=== Work instructions ===
Would you give the listing again exactly as written, minus its pictures?

=== Supplied data ===
++++++++++
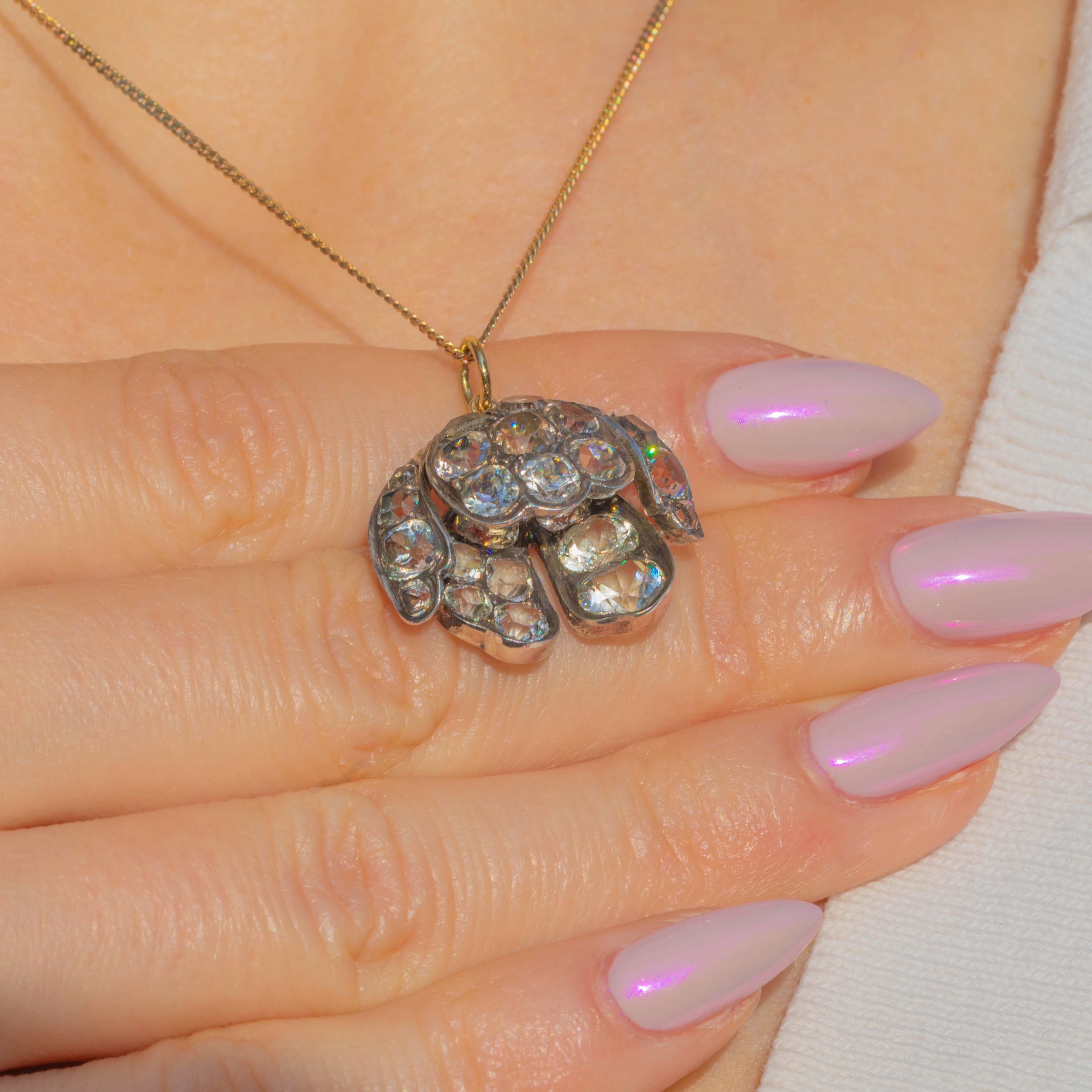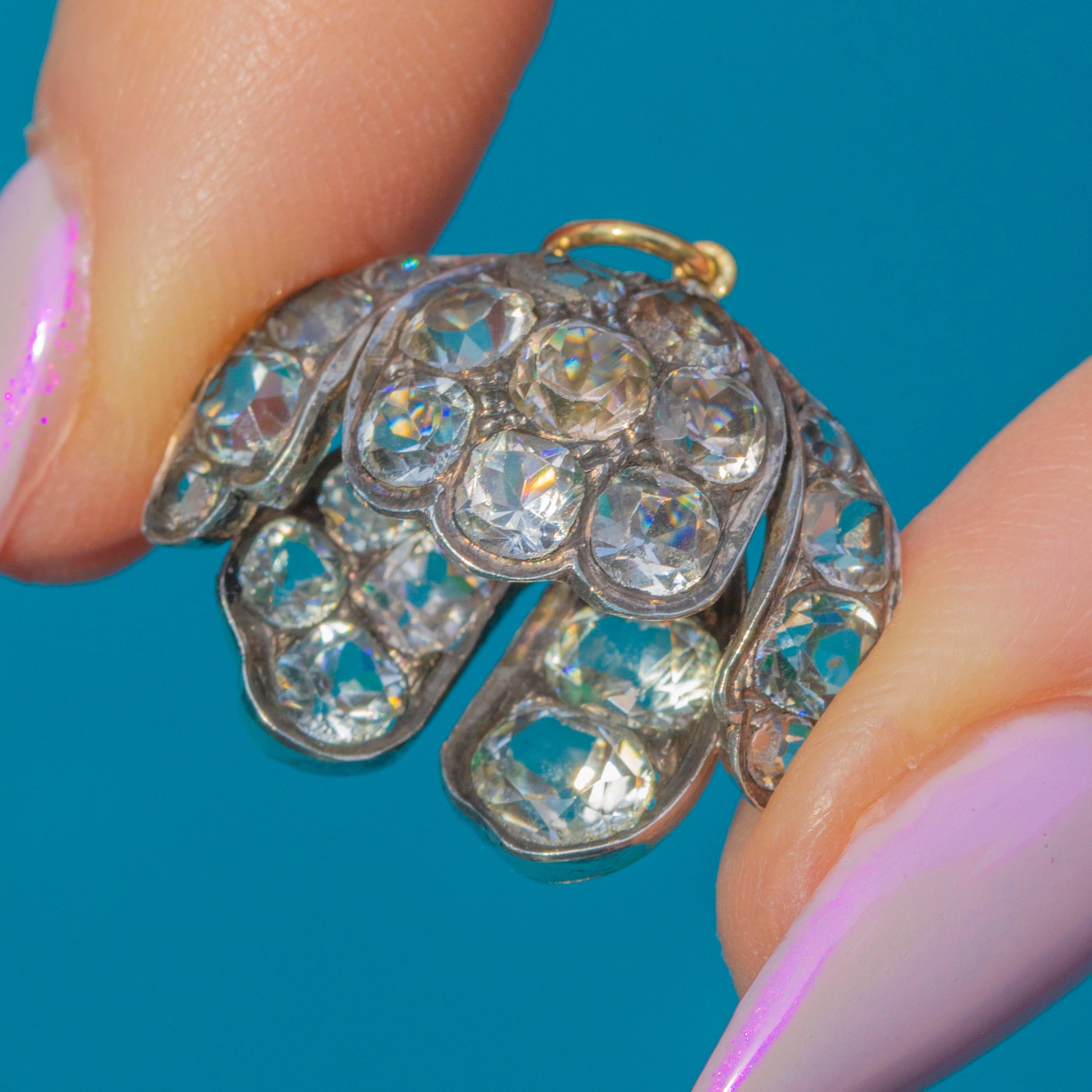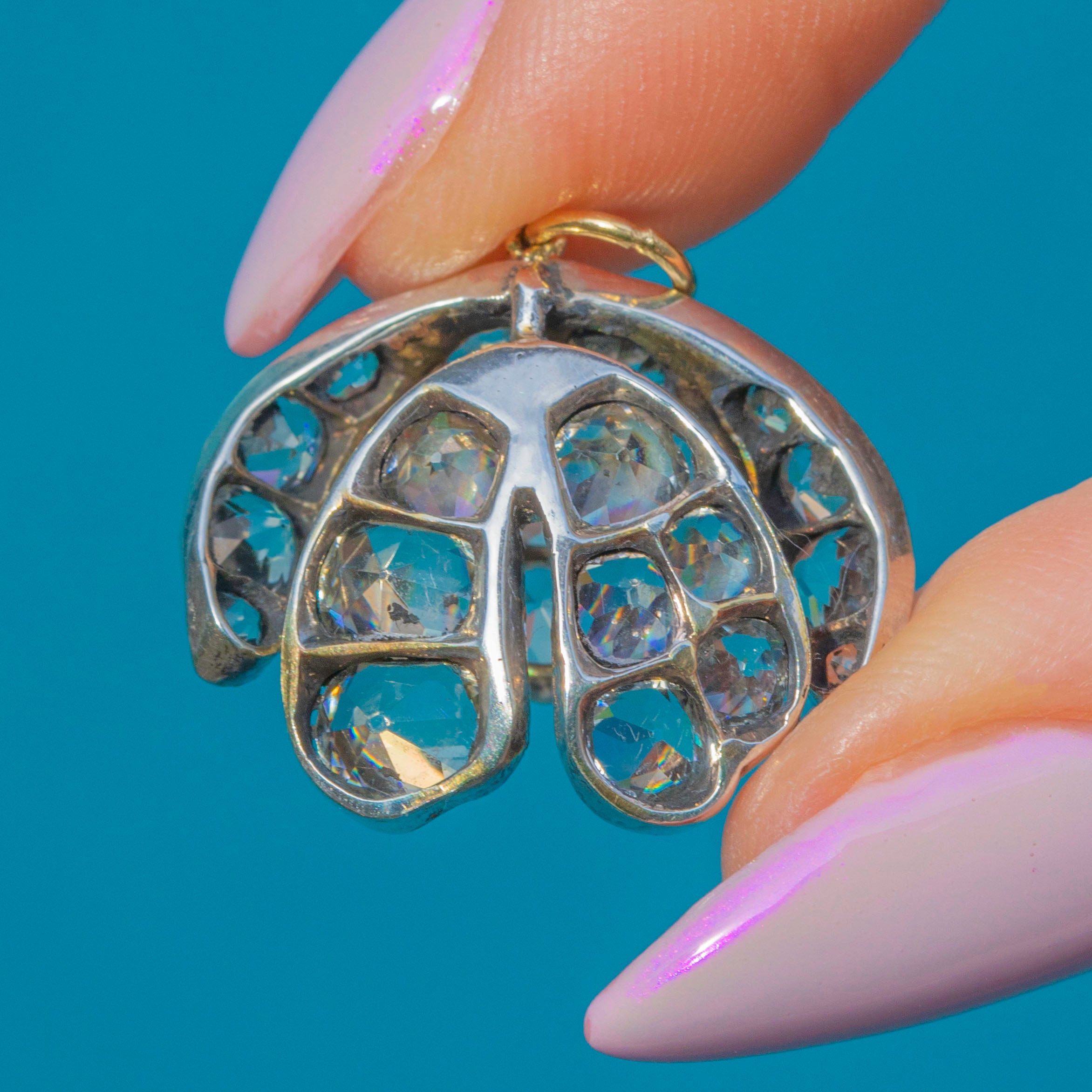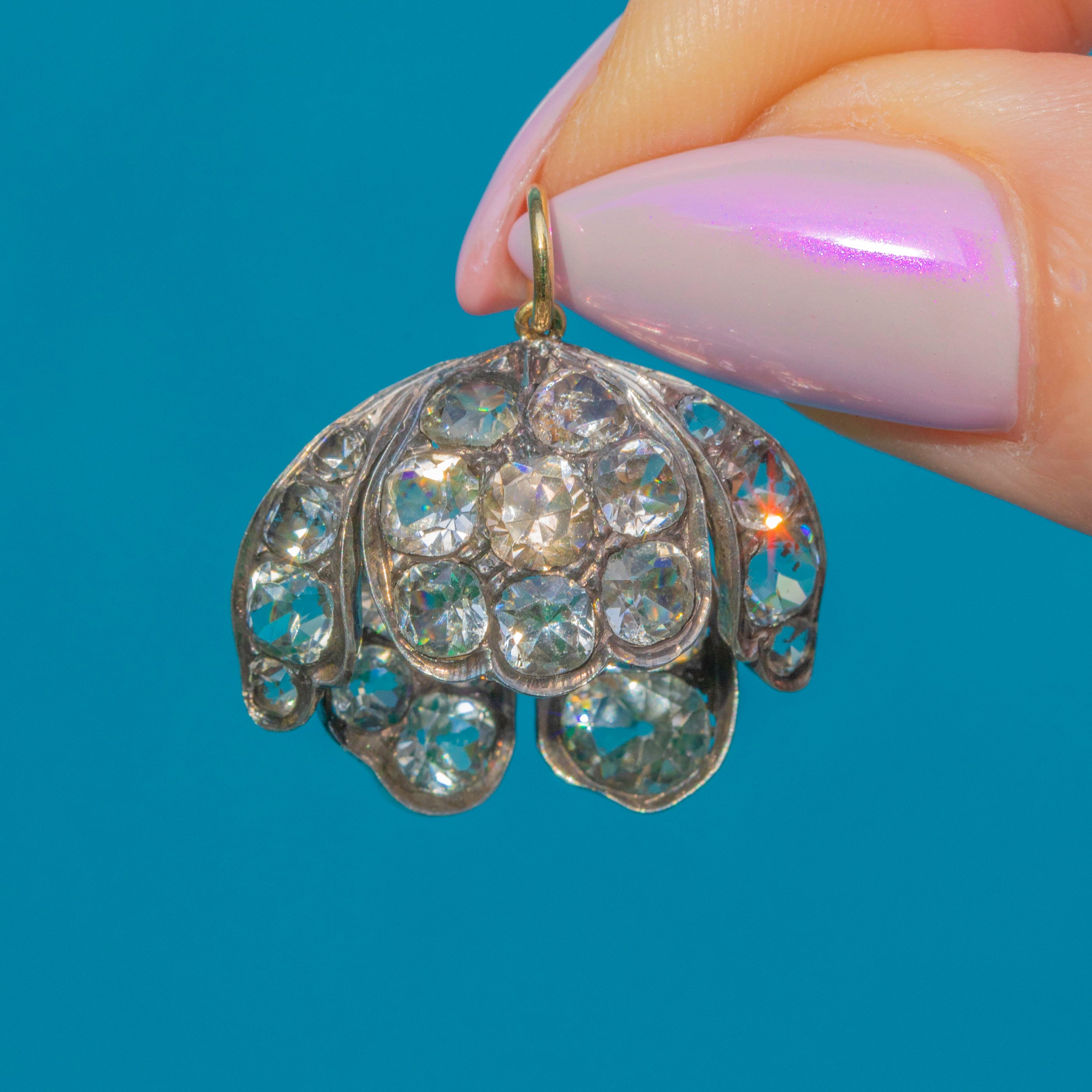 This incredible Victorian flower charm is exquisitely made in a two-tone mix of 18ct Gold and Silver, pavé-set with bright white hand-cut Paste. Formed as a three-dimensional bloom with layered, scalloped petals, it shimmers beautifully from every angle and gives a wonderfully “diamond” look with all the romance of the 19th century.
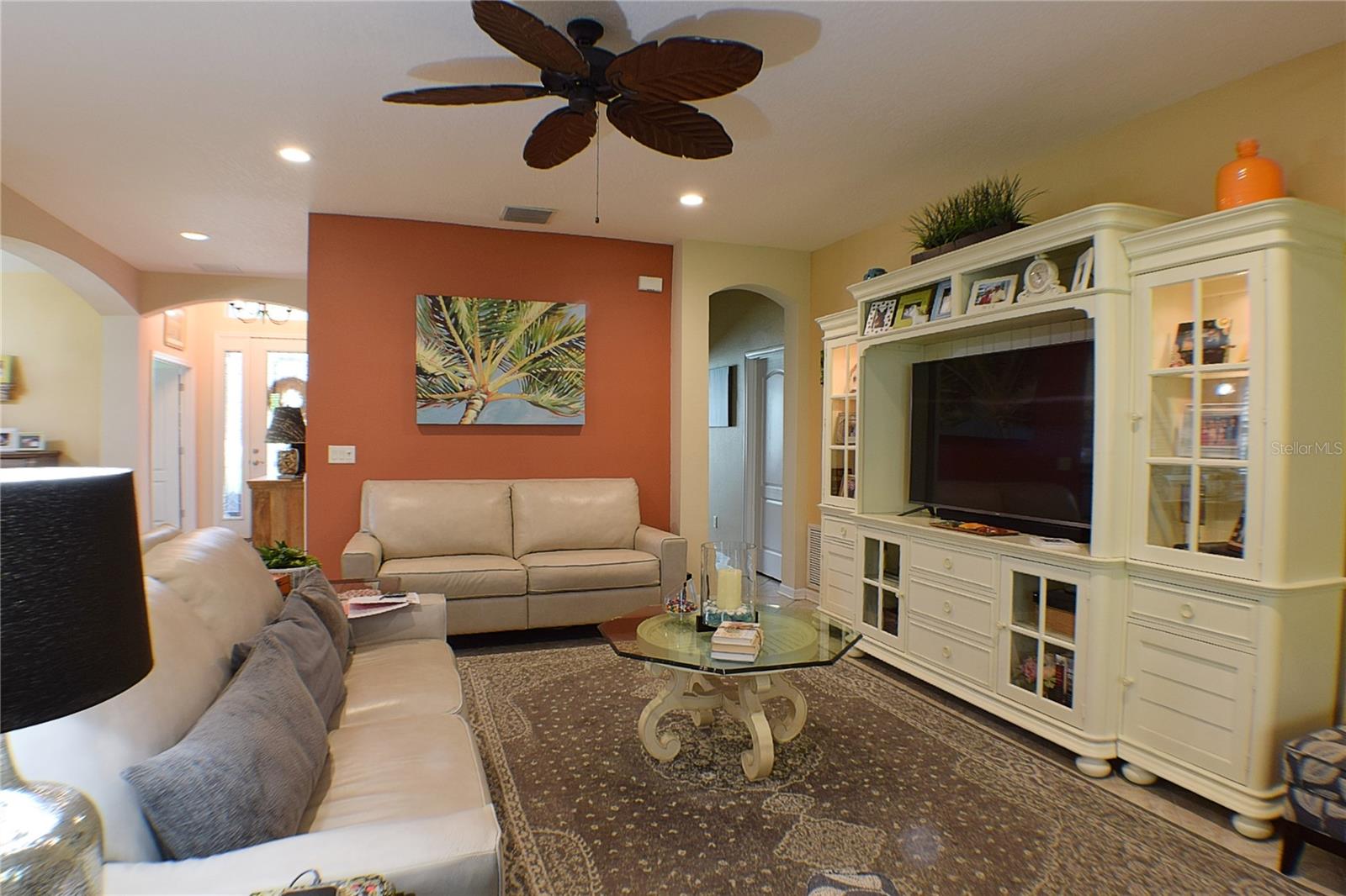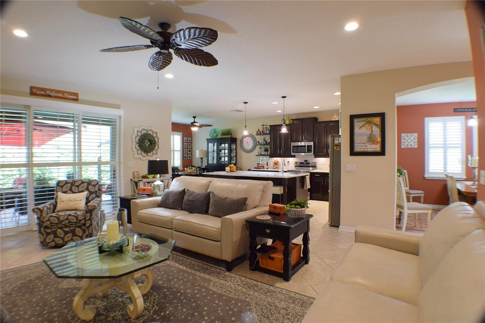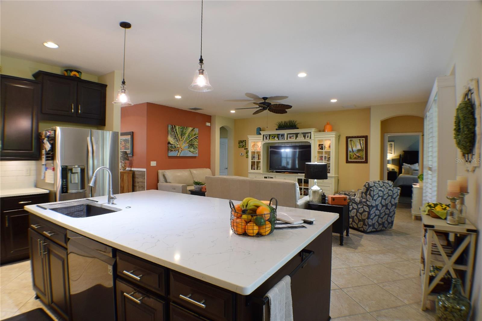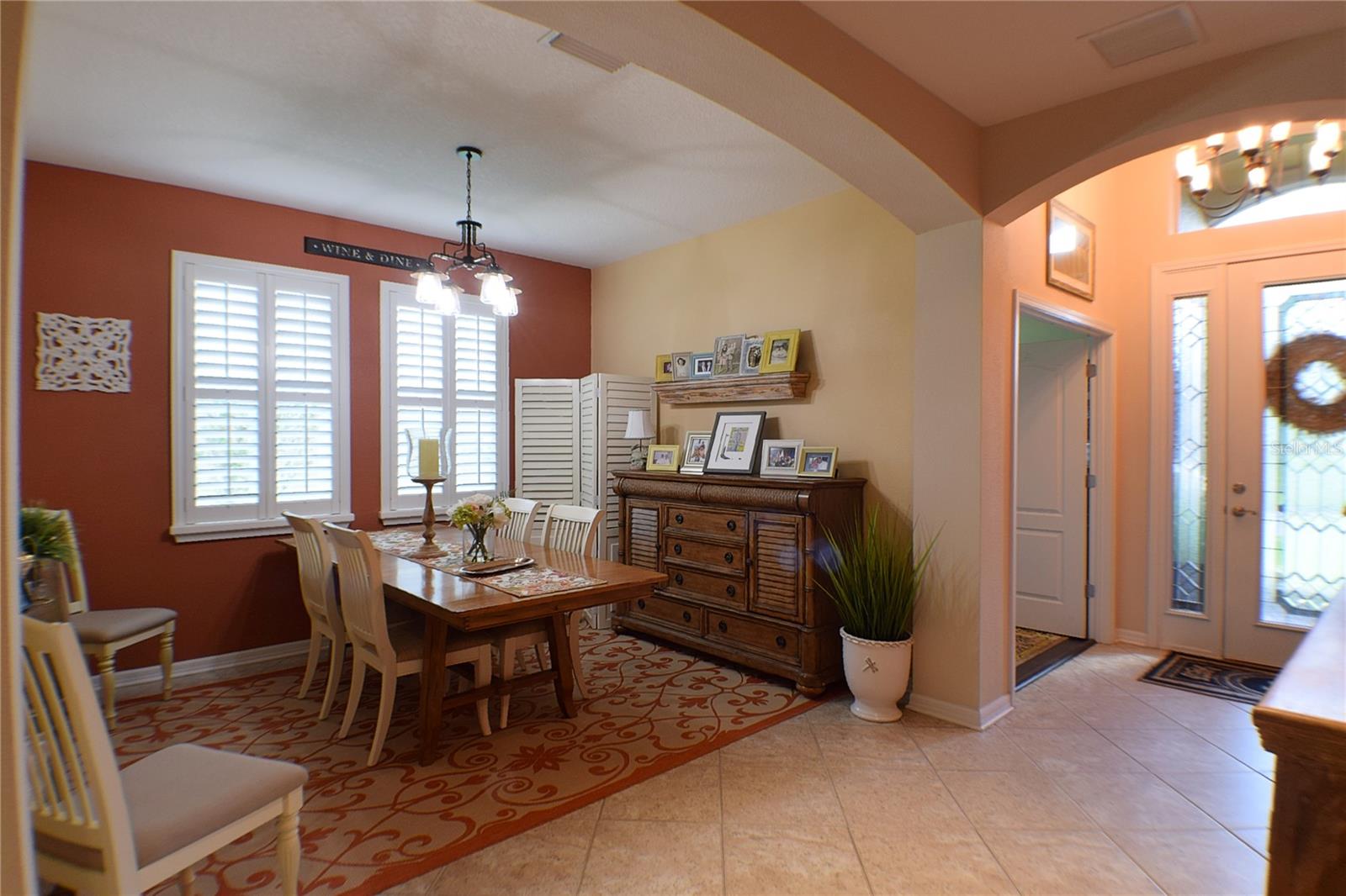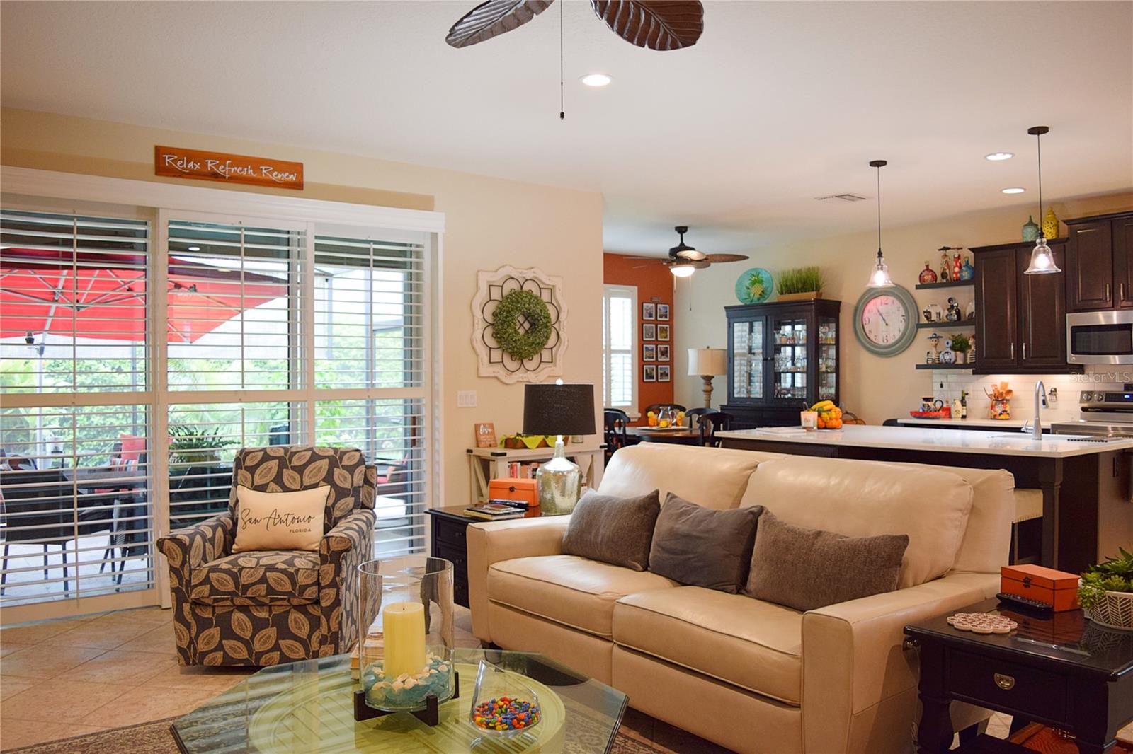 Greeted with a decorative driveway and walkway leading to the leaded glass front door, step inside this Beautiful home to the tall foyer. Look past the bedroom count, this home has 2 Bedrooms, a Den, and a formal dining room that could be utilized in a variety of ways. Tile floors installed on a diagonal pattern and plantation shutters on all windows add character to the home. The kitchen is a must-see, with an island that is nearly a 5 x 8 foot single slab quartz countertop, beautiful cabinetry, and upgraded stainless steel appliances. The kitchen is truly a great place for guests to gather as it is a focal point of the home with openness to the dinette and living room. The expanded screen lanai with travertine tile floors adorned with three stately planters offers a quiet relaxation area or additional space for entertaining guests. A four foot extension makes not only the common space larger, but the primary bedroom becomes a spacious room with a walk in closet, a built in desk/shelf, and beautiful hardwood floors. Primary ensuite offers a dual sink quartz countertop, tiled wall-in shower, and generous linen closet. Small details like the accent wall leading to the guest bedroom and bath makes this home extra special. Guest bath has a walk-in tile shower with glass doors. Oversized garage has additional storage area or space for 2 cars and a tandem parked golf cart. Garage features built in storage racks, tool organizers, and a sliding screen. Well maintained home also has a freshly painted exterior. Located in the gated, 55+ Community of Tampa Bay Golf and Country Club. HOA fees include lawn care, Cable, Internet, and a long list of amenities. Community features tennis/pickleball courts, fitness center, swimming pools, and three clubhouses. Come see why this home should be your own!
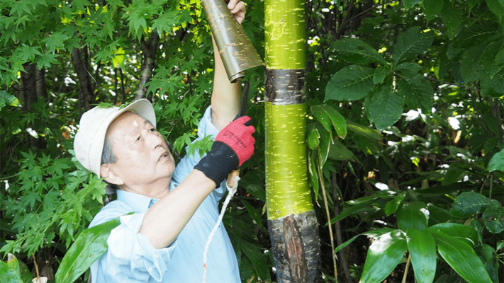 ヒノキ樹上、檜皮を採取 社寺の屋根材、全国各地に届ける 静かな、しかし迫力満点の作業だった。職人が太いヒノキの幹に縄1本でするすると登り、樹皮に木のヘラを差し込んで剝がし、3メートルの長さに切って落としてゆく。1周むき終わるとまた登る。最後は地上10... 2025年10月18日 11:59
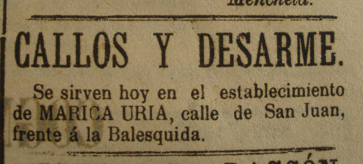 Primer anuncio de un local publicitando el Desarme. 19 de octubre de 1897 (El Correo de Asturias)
++++++++++
=== Finished task ===
 This incredible Victorian flower charm is exquisitely made in a two-tone mix of 18ct Gold and Silver, pavé-set with bright white hand-cut Paste. Formed as a three-dimensional bloom with layered, scalloped petals, it shimmers beautifully from every angle and gives a wonderfully “diamond” look with all the romance of the 19th century.
 Greeted with a decorative driveway and walkway leading to the leaded glass front door, step inside this Beautiful home to the tall foyer. Look past the bedroom count, this home has 2 Bedrooms, a Den, and a formal dining room that could be utilized in a variety of ways. Tile floors installed on a diagonal pattern and plantation shutters on all windows add character to the home. The kitchen is a must-see, with an island that is nearly a 5 x 8 foot single slab quartz countertop, beautiful cabinetry, and upgraded stainless steel appliances. The kitchen is truly a great place for guests to gather as it is a focal point of the home with openness to the dinette and living room. The expanded screen lanai with travertine tile floors adorned with three stately planters offers a quiet relaxation area or additional space for entertaining guests. A four foot extension makes not only the common space larger, but the primary bedroom becomes a spacious room with a walk in closet, a built in desk/shelf, and beautiful hardwood floors. Primary ensuite offers a dual sink quartz countertop, tiled wall-in shower, and generous linen closet. Small details like the accent wall leading to the guest bedroom and bath makes this home extra special. Guest bath has a walk-in tile shower with glass doors. Oversized garage has additional storage area or space for 2 cars and a tandem parked golf cart. Garage features built in storage racks, tool organizers, and a sliding screen. Well maintained home also has a freshly painted exterior. Located in the gated, 55+ Community of Tampa Bay Golf and Country Club. HOA fees include lawn care, Cable, Internet, and a long list of amenities. Community features tennis/pickleball courts, fitness center, swimming pools, and three clubhouses. Come see why this home should be your own!
 ヒノキ樹上、檜皮を採取 社寺の屋根材、全国各地に届ける 静かな、しかし迫力満点の作業だった。職人が太いヒノキの幹に縄1本でするすると登り、樹皮に木のヘラを差し込んで剝がし、3メートルの長さに切って落としてゆく。1周むき終わるとまた登る。最後は地上10... 2025年10月18日 11:59
 Primer anuncio de un local publicitando el Desarme. 19 de octubre de 1897 (El Correo de Asturias)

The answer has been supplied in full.